Fish grown in a dish could be on supermarket shelves in five years

A fish supper once depended on the boat coming in – but seafood grown in a dish could be on supermarket shelves within five years after a Birds Eye deal.

The west London-based frozen food giant Nomad Foods, which owns the Birds Eye brand, is to work with a Californian company to bring the factory-grown fish to shops.

San Diego-based BlueNalu creates seafood from fish cells, in a method involving adding them to a nutrient solution and growing them under controlled conditions, before they are shaped into seafood portions.

Europeans consume large amounts of seafood and EU citizens currently eat more than three times as much as the continent produces from its own fishing industry.

There are concerns about the sustainability of fish stocks, with scientists warning that overfishing and pollution threaten the health of the oceans.

‘Breakthrough technology in cell-cultured seafood’

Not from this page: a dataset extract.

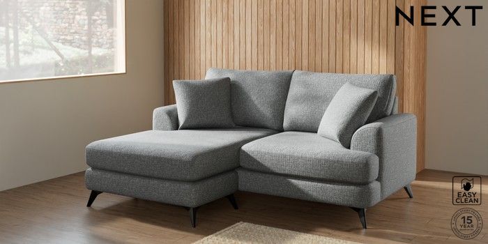 7.2.5 Buy Parker Compact Sofa Chaise - Universal Chunky Boucle Easy Clean Mid Grey High Metal - Black from the Next UK online shop Click here to use our accessible website

Stéfan Descheemaeker, chief executive of Nomad Foods, said: “We are at the forefront of a generational shift towards healthier, more sustainable eating and are delighted to announce our collaboration with BlueNalu.

“Their breakthrough technology in cell-cultured seafood perfectly aligns with our purpose and will enable us to continue to introduce innovative and great tasting seafood products that are good for people, good for the planet and accessible to all.”

The two companies said they had not yet decided what type of fish would first appear on shelves but would be working together to develop a product.

BlueNalu has previously developed sashimi based on bluefin tuna muscle and fat cells and fillets made from mahi-mahi muscle cells.

It has previously said its first large-scale production facility was expected to open in three to five years.

The company is among a group of new high-tech “fake meat” producers trying to cater to consumers increasingly conscious of the environmental and ethical impact of their diets.

Other companies are working on products including imitation meat made from plant-based ingredients or grown in labs.

Last year Singapore-based company Eat Just became the first to sell lab-grown meat to the public after the Singapore Food Agency approved its chicken bites.

The fishing industry has recently come under scrutiny after the release of the Netflix documentary Seaspiracy, which criticised consumer labels promising sustainability and suggested that the solution is veganism, though some of its claims were later challenged.